Preservative-Free Bimatoprost 0.01% Ophthalmic Gel for Glaucoma Therapy: A Phase III Randomized Controlled Trial.
J Glaucoma
; 33(6): 422-430, 2024 Jun 01.
Article
em En
| MEDLINE
| ID: mdl-38506750
ABSTRACT
PRCIS Noninferiority of efficacy was demonstrated for a preservative-free bimatoprost 0.01% compared with BAK-containing bimatoprost 0.01% following a 12-week treatment period in patients with open angle glaucoma or ocular hypertension. Improved tolerability, in particular conjunctival hyperemia, was also observed. PURPOSE:
To evaluate the intraocular pressure (IOP)-lowering efficacy and safety of a preservative-free bimatoprost 0.01% ophthalmic gel (PFB 0.01% gel) compared with preserved bimatoprost 0.01% (PB 0.01%).DESIGN:
Phase III, international, multicenter, randomized, 2-parallel group, investigator-masked, 3-month treatment duration.METHODS:
Patients with glaucoma or ocular hypertension were randomized after a 7-week run-in/washout period to receive once-daily PFB 0.01% gel (n=236) or PB 0.01% (n=249) for 3 months. The primary efficacy measure was changed from baseline in IOP at week 12. Safety measures included adverse events (AEs) and assessment of conjunctival hyperemia.RESULTS:
The mean changes from baseline in IOP at week 12 in the PFB 0.01% gel and PB 0.01% were -9.72±2.97 and -9.47±3.06 mm Hg, respectively, at 8 am , -9.41±3.03 and -9.19±3.12 mm Hg at 10 am , and -8.99±3.36 and -8.54±3.44 mm Hg at 4 pm . Noninferiority of PFB 0.01% gel to PB 0.01% was demonstrated at week 12 based on predetermined criteria (upper 95% CI margin of 1.5 mmHg at all time points).
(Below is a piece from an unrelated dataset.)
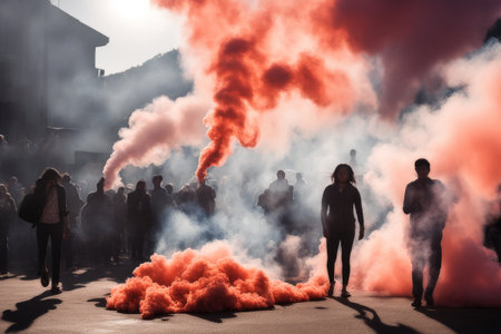 Police dispersing tear gas amid a crowd of protesters, showing the chaos and emotional turmoil. Generative Ai
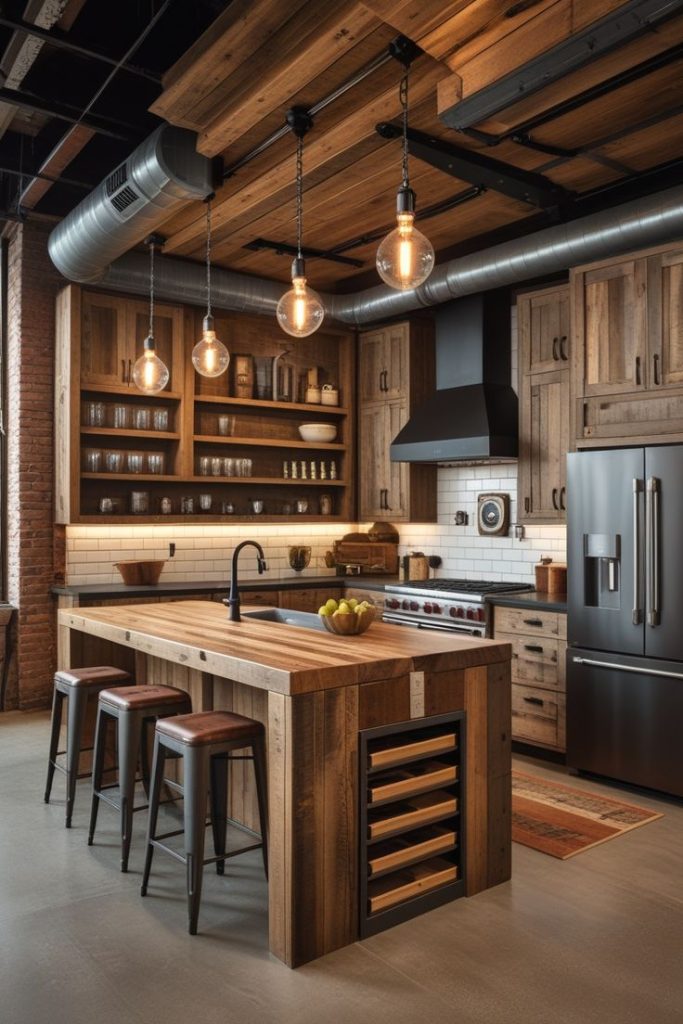 Swap out cold, metal-toned cabinetry for warm wood finishes. Oak, walnut, or maple cabinets add richness and texture, softening the industrial edge of loft spaces.

The most frequently reported AE was conjunctival hyperemia; 13 (5.5%) patients with PFB 0.01% gel and 17 (6.8%) patients with PB 0.01%. The percentage of patients experiencing a worsening from baseline in conjunctival hyperemia score was lower with PFB 0.01% gel compared to PB 0.01% at week 6 (20.1% vs. 29.3%, respectively) and week 12 (18.3% vs. 30.4%, respectively).CONCLUSIONS:
PFB 0.01% ophthalmic gel has the same efficacy in lowering IOP as PB 0.01% and demonstrated less aggravation of conjunctival hyperemia at weeks 6 and 12.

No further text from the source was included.